Let’s look at some statistics.

If you find yourself wondering when the holidays changed from a celebration to an emotional obstacle course, you’re not alone. In a survey conducted by the National Alliance of the Mentally Ill in 2022, 64% of participants said they felt depressed during the holidays. Forty-one percent of people who took part in a 2023 American Psychological Association poll said they felt more stressed during the holidays than at other times of the year, blaming unrealistic expectations, over-eating and the drain on their pocketbooks, while participants taking a 2024 American Psychiatric Association survey cited worries about not being able to afford holiday gifts (46%)  missing someone they loved (48%) or dealing with difficult family members (32%) as the reasons behind their stress and anxiety.

 

Dealing with Difficult Conversations

We’ve all been there. Family and friends are gathered around a table groaning with delicious food when someone brings up a topic everyone else has been praying won’t surface, and a sense of dread envelopes the once-happy space. Figuring out how to handle the people we care about when they broach subjects that spark controversy can be daunting, to say the least. Fortunately, there are ways to cut dissension off at the pass and get your holiday gathering back on track—or at the very least, manage to preserve your own sanity in the process.

Before the Holidays

  • Be realistic: One of the most critical keys to handling a dispute is realizing that the only person you have control over is you. You’re in charge of how you react and how much you engage.
  • Set boundaries: Try your conversational limits, then get comfortable with them. Make a list of the topics that are out of bounds for you and then practice getting them across tactfully.

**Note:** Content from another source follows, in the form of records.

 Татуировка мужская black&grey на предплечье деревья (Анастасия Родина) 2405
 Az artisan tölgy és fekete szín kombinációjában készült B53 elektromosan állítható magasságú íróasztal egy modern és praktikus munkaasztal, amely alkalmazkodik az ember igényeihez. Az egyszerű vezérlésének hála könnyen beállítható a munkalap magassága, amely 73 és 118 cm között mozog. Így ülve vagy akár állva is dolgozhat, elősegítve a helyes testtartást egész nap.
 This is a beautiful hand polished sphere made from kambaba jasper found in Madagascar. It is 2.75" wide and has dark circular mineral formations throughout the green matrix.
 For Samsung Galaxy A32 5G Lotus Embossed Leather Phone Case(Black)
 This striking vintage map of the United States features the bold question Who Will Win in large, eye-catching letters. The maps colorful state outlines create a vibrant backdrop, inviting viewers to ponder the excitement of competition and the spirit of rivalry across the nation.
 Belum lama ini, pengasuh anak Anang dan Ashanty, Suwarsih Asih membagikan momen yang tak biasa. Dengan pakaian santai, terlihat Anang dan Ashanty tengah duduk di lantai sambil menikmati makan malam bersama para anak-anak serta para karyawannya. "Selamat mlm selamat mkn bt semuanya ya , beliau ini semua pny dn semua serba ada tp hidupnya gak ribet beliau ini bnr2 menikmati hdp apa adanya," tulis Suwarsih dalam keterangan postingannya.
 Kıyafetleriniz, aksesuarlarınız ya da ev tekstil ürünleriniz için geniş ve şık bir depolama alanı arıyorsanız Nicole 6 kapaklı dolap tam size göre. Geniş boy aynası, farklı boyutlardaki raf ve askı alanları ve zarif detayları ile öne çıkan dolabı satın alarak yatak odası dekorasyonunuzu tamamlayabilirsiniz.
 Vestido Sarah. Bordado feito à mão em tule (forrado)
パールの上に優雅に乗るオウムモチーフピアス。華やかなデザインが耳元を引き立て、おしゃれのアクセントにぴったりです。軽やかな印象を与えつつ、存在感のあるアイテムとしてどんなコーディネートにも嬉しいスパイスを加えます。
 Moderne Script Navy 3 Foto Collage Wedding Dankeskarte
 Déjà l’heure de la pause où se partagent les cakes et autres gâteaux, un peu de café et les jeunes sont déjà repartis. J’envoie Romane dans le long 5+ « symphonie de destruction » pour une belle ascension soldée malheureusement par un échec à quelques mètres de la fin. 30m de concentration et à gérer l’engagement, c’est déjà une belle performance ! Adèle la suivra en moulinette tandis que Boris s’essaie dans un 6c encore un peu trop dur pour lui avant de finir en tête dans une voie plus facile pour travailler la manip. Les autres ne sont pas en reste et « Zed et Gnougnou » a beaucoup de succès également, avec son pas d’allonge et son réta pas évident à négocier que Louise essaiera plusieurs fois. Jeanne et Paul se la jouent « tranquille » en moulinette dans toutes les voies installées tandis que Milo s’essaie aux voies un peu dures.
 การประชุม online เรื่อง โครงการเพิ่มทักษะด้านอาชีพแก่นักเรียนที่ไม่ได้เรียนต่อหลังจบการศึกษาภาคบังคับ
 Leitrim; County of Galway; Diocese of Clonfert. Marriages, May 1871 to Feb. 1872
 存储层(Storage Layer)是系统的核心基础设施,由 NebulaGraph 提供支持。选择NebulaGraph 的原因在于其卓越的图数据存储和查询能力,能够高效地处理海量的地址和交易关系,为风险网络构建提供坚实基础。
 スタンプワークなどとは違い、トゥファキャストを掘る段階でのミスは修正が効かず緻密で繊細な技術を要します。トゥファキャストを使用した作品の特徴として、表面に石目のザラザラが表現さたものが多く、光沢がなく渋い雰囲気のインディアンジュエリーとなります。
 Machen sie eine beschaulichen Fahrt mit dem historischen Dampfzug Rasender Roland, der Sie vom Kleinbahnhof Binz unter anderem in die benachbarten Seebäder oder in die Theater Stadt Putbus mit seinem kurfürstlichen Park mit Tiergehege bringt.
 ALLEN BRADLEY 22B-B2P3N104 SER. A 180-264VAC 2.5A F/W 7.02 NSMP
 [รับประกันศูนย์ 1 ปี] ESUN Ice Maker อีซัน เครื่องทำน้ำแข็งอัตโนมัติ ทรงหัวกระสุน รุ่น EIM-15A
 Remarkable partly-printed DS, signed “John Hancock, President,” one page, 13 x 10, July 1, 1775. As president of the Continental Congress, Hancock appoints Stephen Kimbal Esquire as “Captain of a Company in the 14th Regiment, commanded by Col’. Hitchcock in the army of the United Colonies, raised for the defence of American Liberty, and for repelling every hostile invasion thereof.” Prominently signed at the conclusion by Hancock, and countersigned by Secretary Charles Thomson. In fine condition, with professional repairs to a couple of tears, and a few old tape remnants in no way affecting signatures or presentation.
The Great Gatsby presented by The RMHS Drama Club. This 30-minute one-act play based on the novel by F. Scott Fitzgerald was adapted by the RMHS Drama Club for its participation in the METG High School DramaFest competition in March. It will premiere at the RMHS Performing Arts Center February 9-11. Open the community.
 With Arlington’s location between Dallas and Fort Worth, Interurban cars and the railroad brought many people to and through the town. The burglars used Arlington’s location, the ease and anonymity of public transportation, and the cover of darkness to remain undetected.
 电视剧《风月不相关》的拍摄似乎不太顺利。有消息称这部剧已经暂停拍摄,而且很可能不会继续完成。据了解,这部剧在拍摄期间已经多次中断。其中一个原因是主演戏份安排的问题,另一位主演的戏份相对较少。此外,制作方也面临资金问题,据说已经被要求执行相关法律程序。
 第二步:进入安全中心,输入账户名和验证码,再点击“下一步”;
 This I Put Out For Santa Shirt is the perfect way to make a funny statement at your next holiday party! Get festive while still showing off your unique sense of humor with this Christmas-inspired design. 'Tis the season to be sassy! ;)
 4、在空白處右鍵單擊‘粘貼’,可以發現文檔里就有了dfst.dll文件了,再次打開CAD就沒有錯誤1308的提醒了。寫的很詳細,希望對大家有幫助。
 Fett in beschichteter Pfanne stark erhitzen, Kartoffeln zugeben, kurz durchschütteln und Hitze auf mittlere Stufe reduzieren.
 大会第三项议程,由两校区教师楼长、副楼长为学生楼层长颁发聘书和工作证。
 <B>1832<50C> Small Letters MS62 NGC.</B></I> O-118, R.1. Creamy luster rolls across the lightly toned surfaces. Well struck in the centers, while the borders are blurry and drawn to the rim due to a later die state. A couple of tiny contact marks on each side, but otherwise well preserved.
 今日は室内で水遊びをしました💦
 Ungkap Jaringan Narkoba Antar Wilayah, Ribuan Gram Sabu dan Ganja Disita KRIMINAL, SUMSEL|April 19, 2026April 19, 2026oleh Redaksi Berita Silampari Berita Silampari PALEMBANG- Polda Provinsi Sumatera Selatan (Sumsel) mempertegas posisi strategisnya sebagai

For example, if you’re worried that your office holiday party is going to be a landmine, think about how long you’re willing to stay or if you should skip it altogether.
  • Get support: Talk to a family member who feels the same way you do beforehand and ask them to support you when a controversial topic comes up.
  • Make a self-care plan: Decide what you’ll do to take care of yourself before and after a potentially dicey holiday event and then put these activities on your calendar to make sure they happen.

Handling Difficult Conversations

  • Focus on your feelings: We’re all tempted to blame the other person in the middle of a heated exchange, but don’t go there. Focus on how you feel, and, instead of making accusations such as “You always” or “You never,” try “I feel concerned about…”
  • Listen: Hear what the other person is saying instead of figuring out your next point. If you don’t interrupt, they’re more likely to show you the same courtesy.
  • Understand: Put yourself in the other person’s shoes, even if you disagree with them. Ask questions that get to the reasons why they believe the way they do. Focus on finding common ground instead of trying to win.
  • Make a change: Do your best to politely steer the conversation in a neutral direction to cool things down.
  • Leave: Remember, it’s okay to step away from the situation if you’re feeling uncomfortable, either by leaving the room or going to a peaceful place in your head.

If Things Get Out of Hand

  • Put the blame where it belongs: Remember, the discussion you’re having is probably less about you and more about what the other person is dealing with right now.
  • Know when it’s over: If you sense that you’re covering the same points and there’s no hope of finding common ground, it’s okay to step away politely.

 

What if I find myself alone during the holidays?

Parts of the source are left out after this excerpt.